April 30, 2009
Former Yahoo CEO Yang Receives Customary $1 Salary For 2008
Former CEO and co-founder of Yahoo Jerry Yang's 2008 compensation package was limited to his customary $1 salary during his final year as chief executive of the company, The Associated Press reported.
Yang stepped down as CEO in January after he rebuffed Microsoft Corp.'s $47.5 billion bid to buy the Internet company.
Yahoo filed a proxy statement disclosing the pay of Yang and its other top executives on Wednesday.
The Sunnyvale, Calif.-based company's new leader, Carol Bartz, is trying to end a three-year slump that has devastated Yahoo's stock price.
Additionally, Yahoo President Susan Decker left the company rather than work for the woman who beat her out for the top job.

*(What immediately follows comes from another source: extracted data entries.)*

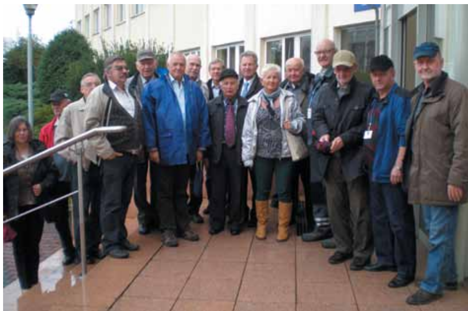
Przed wejściem do elektociepłowni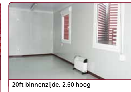
20ft binnenzijde, 2.60 hoog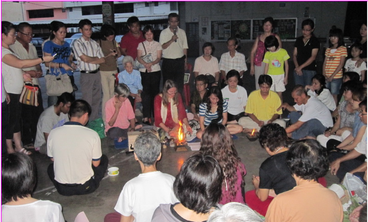
La foto muestra la presentación Homa y Agnihotra en la escuela en Muar el 29 de junio.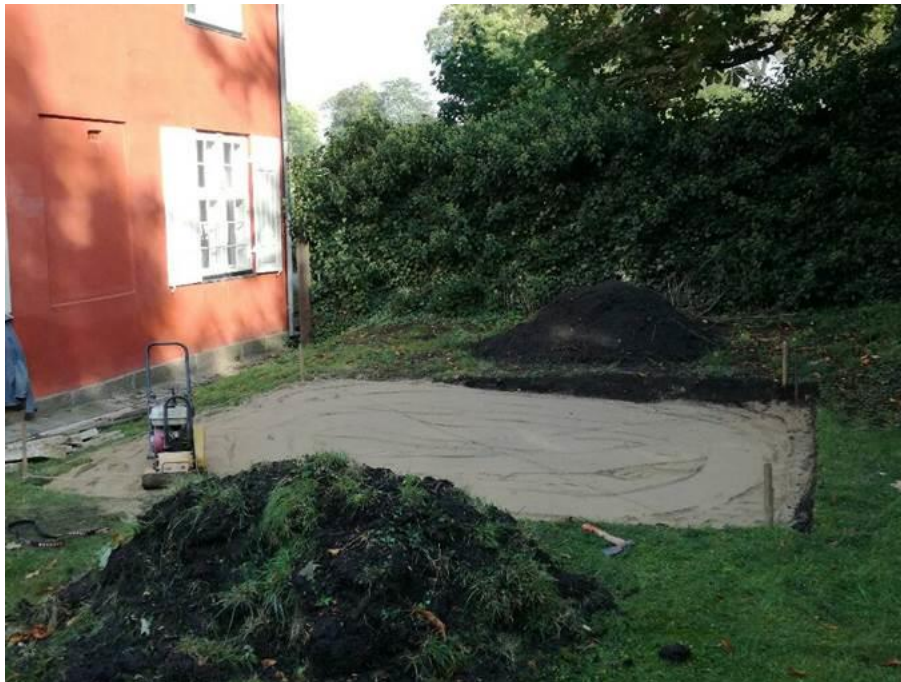
Figur 2. Fra september 2017: Blik mod nord med den nyligt stampede, sandfyldte terrasseafgravning.

På A3 tegnefolie blev fladen tegnet i 1:100 og gavlen på Smedehuset indtegnet til senere georeferering. På trods af den ringe dybde blev der udført en profiltegning i 1:20 af den dybeste profil mod øst.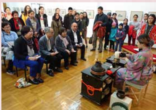
Чайная церемония с участием экс-президента КР г-жи Розы Отунбаевой и ЧПП Японии в КР г-на Ёсихиро Ямамура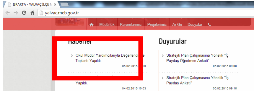
Resmi İnternet Sitemizden Anket Çalışmamızın Duyurusu Ekran Görüntüsü

2015–2019 yıllarını kapsayacak Müdürlüğümüz Stratejik Plan çalışmalarına ışık tutması için iç paydaşlarımız, dış paydaşlarımız , İlçe Milli Eğitim Müdürlüğü Çalışanlarımız ve Öğretmenlerimiz için elektronik ortamda anket oluşturulmuş ve bu anket İlçe Milli Eğitim Müdürlüğümüz Resmi İnternet Sitemiz aracılığı ile gerçekleştirilmiş ,paydaş görüşleri plana dâhil edilmiştir.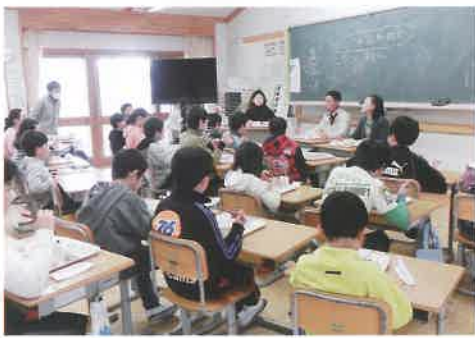
▲名和小学校での交流給食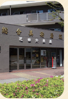
☎ 文京区本駒込6-14-14 ☎ 03-3941-7995 ☎ 月～金/9:00～19:00 土/9:00～12:00 ☎ 日・祝

木製金文字からLED看板まで、企画、設計、施工すべてを手掛ける看板の専門会社。約70年の歴史の中では、寺院や学校の看板を手がけた事例も。何気なく見ているランドマークや店舗の看板も花田文栄堂が手がけているかもしれません。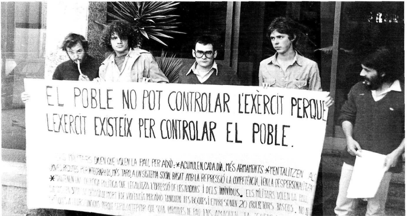
Pancarta d'una manifestació antimilitarista a Girona.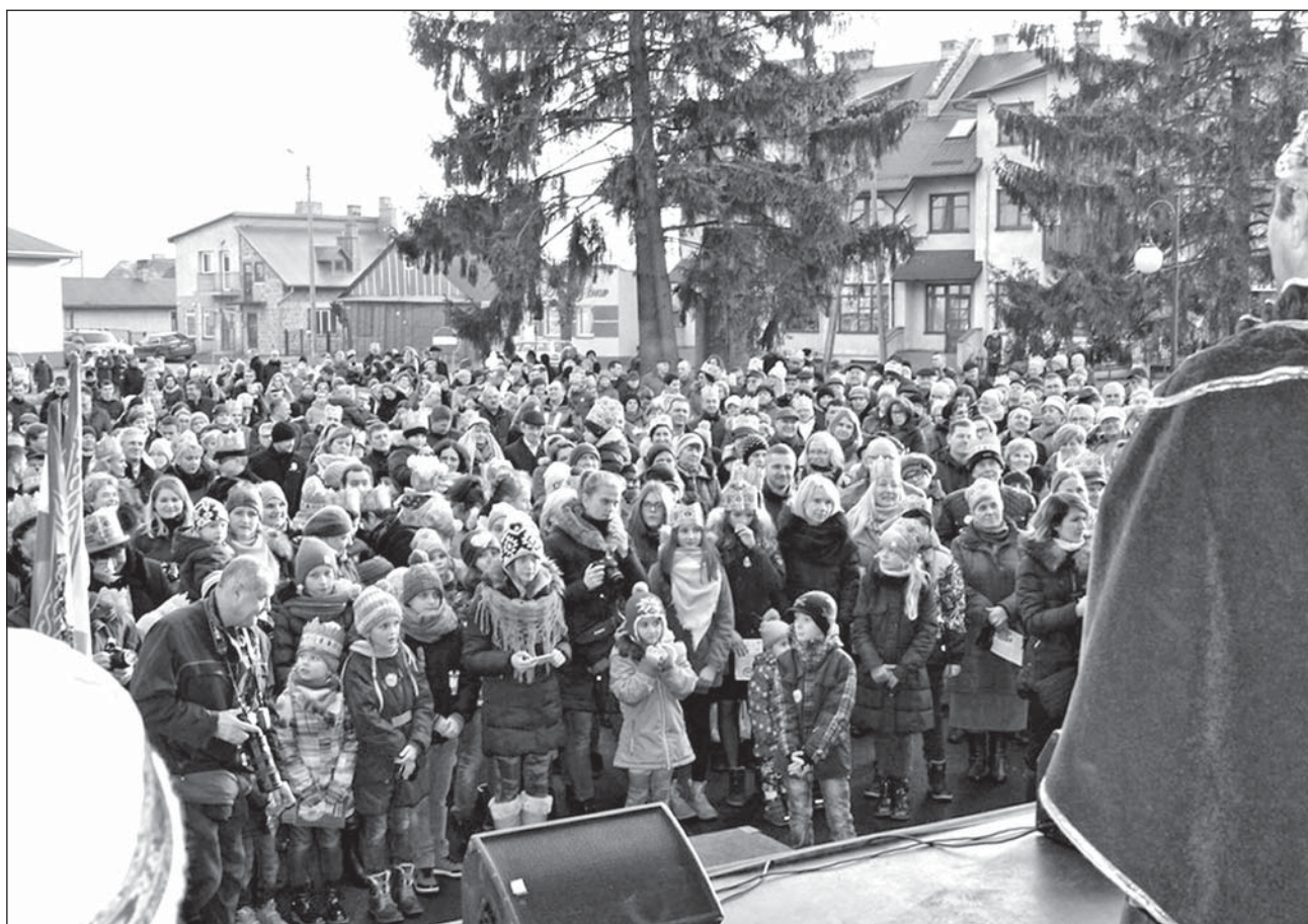
Orszak przyciągnął tłumy mieszkańców gminy Piszczac.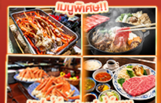
บุฟเฟ่ต์ญี่ปุ่น สเต็กคอบะ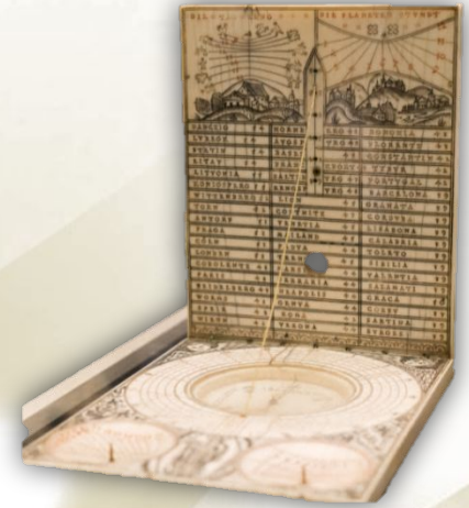
Солнечные часы, 1612 г.

Оксфордский музей истории науки – это первый научный музей в мире. Он появился в конце XVII века, когда английский ученый и антиквар Элиас Эшмол завещал музею свою коллекцию античных и средневековых инструментов.

Also planning to leave is Yahoo's chief financial officer Blake Jorgensen, who will exit the company as soon as Bartz can find his replacement.
However, Bartz is carrying out her plan to lay off nearly 700 people, or about 5 percent of Yahoo's work force in the near future.
The 40-year old Yang has become wealthy from Yahoo's stock since he started the Web site in 1994 with fellow Stanford University graduate student David Filo.
But Yang suffered huge losses on paper last year as Yahoo shares lost nearly half their value. The plunge left Yang's 3.9 percent stake worth about $600 million less at the end of last year.
Executive pay based on salary, bonuses, incentives, perquisites, above-market returns on deferred compensation and the value of stock options and other awards granted during the year have been calculated by The Associated Press.
The former CEO never received more than a $1 salary last year. He wasn't the only Silicon Valley leader to settle for a buck last year, following the example of other Internet innovators such as Apple's CEO Steve Jobs and Google's co-founders Larry Page and Sergey Brin, who also worked for $1 in 2008.
Bartz, however, is starting off with a $1 million salary and already has been guaranteed another $10 million in cash and stock this year to make up for the benefits and other awards she gave up at her former employer, Autodesk Inc.
The new CEO will also be eligible to receive several more million dollars in bonuses and stands to benefit from 5 million stock options granted to her during her hiring. Those stock options will be heavily valued in Yahoo's proxy statement next year.
Yahoo's annual meeting for its June 25 proxy statement this year is expected to be more lucrative than last year's affair when activist investor Carl Icahn led a shareholder uprising against Yang and the company's other board members.
Icahn and many other shareholders were outraged with the way Yang handled Microsoft's offer last May to buy Yahoo for $33 per share.
In response, Yang offered Icahn, who is one of 12 directors up for election in June, a seat on the company's board.
But given that Yahoo shares ended Wednesday at $14.02, there will likely remain some bitterness over the squandered opportunity to sell Yahoo to Microsoft.